Queries to check whether all the elements in the given range occurs even number of times

Question

Given an array arr[] containing N integers and there are Q queries where each query consists of a range [L, R]. The task is to find whether all the elements from the given index range have even frequency or not.

Can Someone give better solution than O(n * q). Solution given on this link is incorrect.

https://www.geeksforgeeks.org/queries-to-check-whether-all-the-elements-in-the-given-index-range-occur-even-number-of-times/

Example is below:

Input: arr[] = {100, 100, 200, 100}, Q[][] = {{1, 4}, {1, 2}}
Output:
No
Yes 

Input: arr[] = {1, 1, 2, 2, 1}, Q[][] = {{1, 5}, {1, 4}, {3, 4}} 
Output: 
No
Yes
Yes

Answer 1

Solution 1:
You can replace each values (mapping) to big random values (32-bit as example) and use algorithm from your url. It will work with a sufficiently high probability.

Solution 2 (without xor):
Sort all queries by pair (L_i / sqrt(n), R_i). Now when moving between query (L_i, R_i) to (L_{i+1}, R_{i+1}) need to add/remove some elements. We do it element by element to support number of each value and count number different group size. Algorithm complexity is O(Q * log Q + (N + Q) * sqrt N).

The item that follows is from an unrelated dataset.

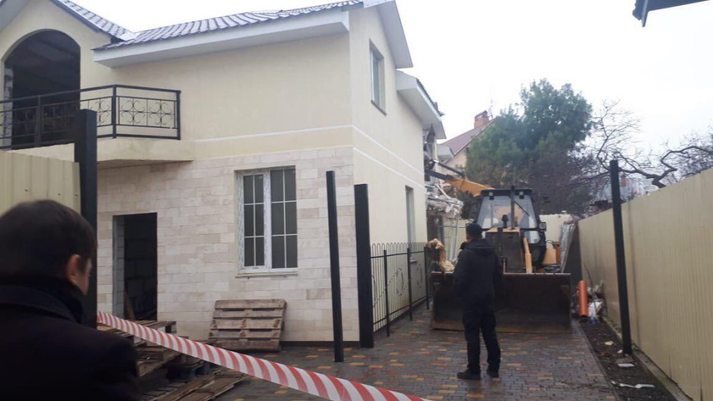 По улице Гвардейской, 4а, 4б, 4в продолжаются работы по демонтажу трех двухэтажных жилых зданий, построенных без разрешительных документов на земле, которая находится в коммунальной собственности. Напомним, что исполнительные службы согласно решению суда приступили к демонтажу 27 ноября, однако, работы были приостановлены из-за технических трудностей - доступ к строениям преграждала газовая труба.

Little explanation: After sort total number operation of add/delete elements equal to sum |L_i - L_{i + 1}| + |R_i - R_{i + 1}|.
Sum difference L: If L_i / sqrt(n) = L_{i + 1} / sqrt(n) then |L_i - L_{i + 1}| <= sqrt(n) (no more than Q * sqrt(n) for all query).
If L_i / sqrt(n) < L_{i + 1} / sqrt(n) then we go to some next block sqrt(n) and total number operation for it no more than O(n) (because L_i is increasing).
Sum difference R: If L_i / sqrt(n) = L_{i + 1} / sqrt(n) then R_i is increasing and total sum |R_i - R_{i + 1}| no more than O(n). Number different sqrt(n) blocks is n / sqrt(n) = sqrt(n). Then total operation no more O(n * sqrt(n)).
If L_i / sqrt(n) < L_{i + 1} / sqrt(n) then |R_i - R_{i + 1}| is O(n), but number of such cases is n / sqrt(n) = sqrt(n). Total is O(n * sqrt(n)).